App helps addicts in recovery

Author: 
Molouk Y. Ba-Isa, [email protected]
Publication Date: 
Wed, 2010-12-01 03:40

“Most of the evidence suggests that addiction is probably a lifelong disease. In that sense it’s like diabetes or high blood pressure. There is a need is for sustained behavioral change over a lifetime. It isn’t enough to stop for a few weeks and think that’s going to solve a problem because the psychological and physical manifestations continue after the drugs have stopped being used,” said Dr. David Sack, CEO of Promises Treatment Centers and Elements Behavioral Health. Sack has nearly three decades of experience in clinical, research and administrative psychiatry.
Elements Behavioral Health is a US-based behavioral healthcare organization that owns and operates Promises Treatment Centers. These treatment centers became famous when celebrities including Ben Affleck, Robert Downey Jr. and Lindsay Lohan checked in to Promises for rehab from substance abuse. But whether they are celebrities or ordinary people, addicts are prone to relapse. So Elements Behavioral Health turned to technology to help support their clients throughout the lifelong recovery process.
“We really developed the iPromises Recovery Companion (http://ipromises.org) as a mobile application to help our own alumni and then we realized that it could have a much broader application,” Sack said. “The withdrawal from the drugs is just the start of the recovery process and it’s where treatment begins.
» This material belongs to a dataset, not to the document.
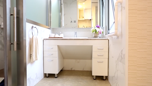 恒潔衛浴作為設計師選用的品牌,在了解了委托人的特殊情況后,為小李量身定制浴室柜,其鏡面有5度角的斜度,可以給輪椅使用者看到全身,同時也不影響普通人的使用,臺面下沿距離地面680mm,保證輪椅使用者的腿部有足夠的空間。

Once someone has stopped using, there are a whole host of changes that can leave them vulnerable to relapse. It’s necessary to treat all the different aspects of addiction so that people have the best opportunity to stay clean and sober.”
Launched in June on the Apple App Store, there have been over 4,000 downloads of the iPromises Recovery Companion, reaching individuals in over twenty countries. Elements Behavioral Health has received hundreds of user remarks touting the app as a true accountability and support tool. The iPromises Recovery Companion allows those in recovery from addiction to keep a visual journal, contact friends for support, get a daily positive message and track accomplishments, challenges, moods, attitudes, behaviors and triggers. In some countries the app provides lists of public support meetings, but in the Kingdom it can be used to store and share the details of private support groups. 
“One of the things we’ve learned about people with alcoholism, that we know continues even after people stop drinking, and which we think even occurs before they start drinking, is a condition called alexithymia. This is the inability to express their feelings,” explained Sack. “About forty percent of alcoholics who are not drinking have alexithymia which may be part of the reason that they are drawn to or attracted to alcohol because they really have trouble with their emotional experiences. The iPromises Recovery Companion endeavors to help cope with alexithymia.”
Recovering alcoholics are often stressed in many different ways. Due to alexithymia, they may not have any awareness of their feelings. The Recovery Companion app helps them see and track their emotions. If there is a change likely to cause anxiety, the individual can be alerted to get help quickly. Additionally, when an individual starts to use the app, he or she will be asked to enter in triggers — things which result in drug or alcohol abuse. While making daily journal entries, if any of these triggers appear, the app will remind the individual that additional support may be needed.
Over the next year, Elements Behavioral Health plans to continue to release updated versions of the current iPromises app for iPhone/iPad/iPod Touch, as well as an Android version. Additionally, the mental health organization plans to develop mobile applications for impulse control disorders such as compulsive gambling, compulsive sexual disorders and possibly even eating disorders.